The first pre-processing step taken ensured any text relics of the web scraping process were removed using the html.parser functionality from the BeautifulSoup library.

In [None]:
# A) remove HTML tags
def strip_html_tags(text):
    soup = BeautifulSoup(text, "html.parser")
    stripped_text = soup.get_text(separator=" ")
    return stripped_text
df['desc_clean'] = df['desc_clean'].apply(strip_html_tags)

_<u>Step 2:</u>_

Which was followed by transforming any accented words (e.g., like “latté” or “café”) to standard spelling using the unidecode library, since “latté” and “latte” will be treated as unique tokens during future processes.

In [None]:
# B) remove accented characters
def remove_accented_chars(text):
    text = unidecode.unidecode(text)
    return text
df['desc_clean'] = df['desc_clean'].apply(remove_accented_chars)

_<u>Step 3:</u>_

The third step in the process being the universal lower casing of all text, which is ubiquitous for any NLP tasks.

In [None]:
# C) lowercase all texts
def lower_case(text):
    return str(text).lower()
df['desc_clean'] = df['desc_clean'].apply(lower_case)

_<u>Step 4:</u>_

However, the fourth step, which is an inbuilt process in some black box functions, is the expanding of contractions (e.g., “ don’t” to “do not”).

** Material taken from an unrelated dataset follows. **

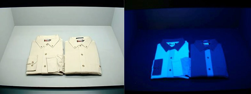 在白光日光灯和紫外灯下的衬衫

Performed using functions from the contractions library, this phase is an extra step taken to ensure further pre-processing steps don’t overlook such tokens as unrecognisable.

In [None]:
# D) expand contractions
def expand_contractions(text):
    text = contractions.fix(text)
    return text
df['desc_clean'] = df['desc_clean'].apply(expand_contractions)

_<u>Step 5:</u>_

This was followed by the exclusion of non-alphanumeric text using the defined function below.

In [None]:
# E) remove special characters (i.e., non-alphanumeric)
def irrelevant_characters(text):
    return re.sub('[^A-Za-z0-9 ]+', ' ', text)
df['desc_clean'] = df['desc_clean'].apply(irrelevant_characters)

_<u>Step 6:</u>_

Which was followed by the first of two steps used to exclude numbers from the analysis. With the following function applying the word2number library functionality in converting all number words to their numeric form.

In [None]:
# F) convert number words to numeric form
def text_to_numeric(text):
    s = text.split()
    o = []
    for word in s:
        try:
            o += [str(w2n.word_to_num(word))]
        except ValueError:
            o += [word]
    text_numeric = (' '.join(o))
    return text_numeric
df['desc_clean'] = df['desc_clean'].apply(text_to_numeric)

_<u>Step 7:</u>_

After which all numbers were removed from the corpus using an inline application of the isdigit function.

In [None]:
# G) remove numbers
def remove_numbers(text):
    new_text = "".join(filter(lambda x: not x.isdigit(), text))
    return new_text
df['desc_clean'] = df['desc_clean'].apply(remove_numbers)

_<u>Step 8:</u>_

And finally, with just alphabet characters and white space remaining, any excessive white spaces were excluded using the split function.

In [None]:
# H) remove extra whitespaces
def remove_whitespace(text):
    text = text.strip()
    return " ".join(text.split())
df['desc_clean'] = df['desc_clean'].apply(remove_whitespace)

_<u>Step 9:</u>_

Which brings us to the traditional starting point of pre-processing as Weng (2021) described it. With the following function tokenizing all words still remaining after the previous phases of pre-processing. This is done using the nltk libraries word_tokenize function.

In [None]:
# I) tokenization
def make_tokens(text):
    return word_tokenize(text)
df['desc_clean'] = df['desc_clean'].apply(make_tokens)

_<u>Step 10:</u>_

Once tokenized, we remove any that match with a maintained list of English stopwords, available in the nltk library.

In [None]:
# J) remove Stopwords
stop_words = set(stopwords.words('english'))
def clean_stopwords(token):
    return [item for item in token if item not in stop_words]
df['desc_clean'] = df['desc_clean'].apply(clean_stopwords)

_<u>Step 11:</u>_

However, the eleventh phase makes use of the WordNetLemmatizer, which is a large database of English nouns, verbs, adjectives and adverbs, that are grouped into sets of synonyms expressing a distinct concept. This extensive lexicon allows us to reduce the inflectional forms of each word into a normalised base (i.e., it takes each token and returns the lemma or root word). The following function applied the lemmatization process to each of the 1,019 tokenized clean descriptions in our data frame.

In [None]:
# K) lemmatization
lemma = WordNetLemmatizer()
def clean_lemmatization(token):
    return [lemma.lemmatize(word=w, pos='v') for w in token]
df['desc_clean'] = df['desc_clean'].apply(clean_lemmatization)

_<u>Step 12:</u>_

While the last two phases simply excluded any short non-descript words and converted the tokens back to strings.

In [None]:
# L) remove the words having length <= 3
def clean_length(token):
    return [i for i in token if len(i) > 3]
df['desc_clean'] = df['desc_clean'].apply(clean_length)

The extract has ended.